Problem details: Ignoring the pictures, repeat every entry below exactly as it appears.
----
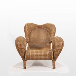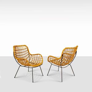 82x65x60 cm. italia, anni 50 coppia di poltrone in midollino, bambù e metallo verniciato, lievi difetti
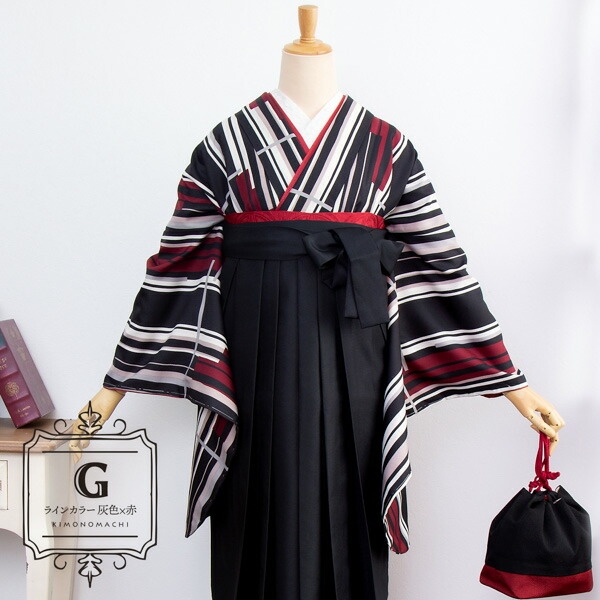 細かな地模様のある生地。黒をメインに、白、深い紅色にグレー、やや赤みのグレージュのランダムな縞。ところどころグレーのラインが横切るデザイン。スタイリッシュな格好良さとレトロな雰囲気を併せ持っていて素敵。裏地は臙脂。
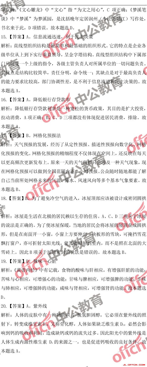 2018吉林公務員考試行測(乙)歷年參考答案及解析
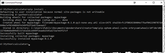 pip does it’s magic and amongst the output you see that your package with the importable name mypackage has been created as mypackage-0.1.0 (yes, the version number from your setup.py).
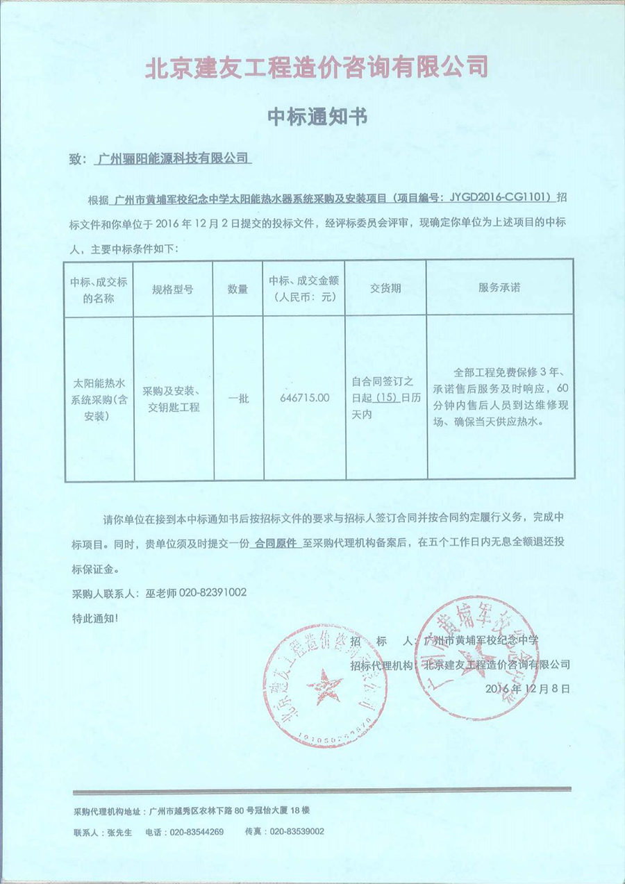 廣州市黃埔軍校紀(jì)念中學(xué)太陽能熱水器系統(tǒng)采購及安裝項目
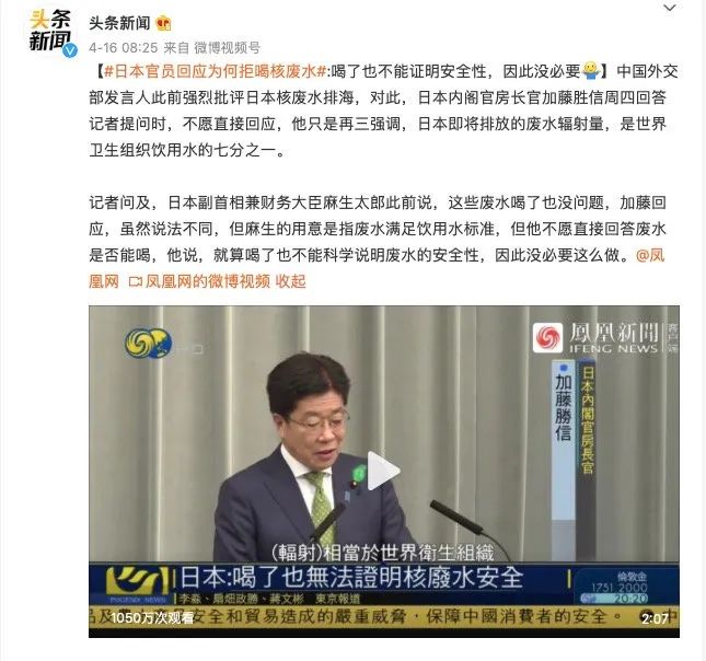 马桶水能不能喝我们没有看到过,但我们知道日本政府此前号称已经处理干净、可以喝的核废水,官员自己不敢喝。
----
Response:
 82x65x60 cm. italia, anni 50 coppia di poltrone in midollino, bambù e metallo verniciato, lievi difetti
 細かな地模様のある生地。黒をメインに、白、深い紅色にグレー、やや赤みのグレージュのランダムな縞。ところどころグレーのラインが横切るデザイン。スタイリッシュな格好良さとレトロな雰囲気を併せ持っていて素敵。裏地は臙脂。
 2018吉林公務員考試行測(乙)歷年參考答案及解析
 pip does it’s magic and amongst the output you see that your package with the importable name mypackage has been created as mypackage-0.1.0 (yes, the version number from your setup.py).
 廣州市黃埔軍校紀(jì)念中學(xué)太陽能熱水器系統(tǒng)采購及安裝項目
 马桶水能不能喝我们没有看到过,但我们知道日本政府此前号称已经处理干净、可以喝的核废水,官员自己不敢喝。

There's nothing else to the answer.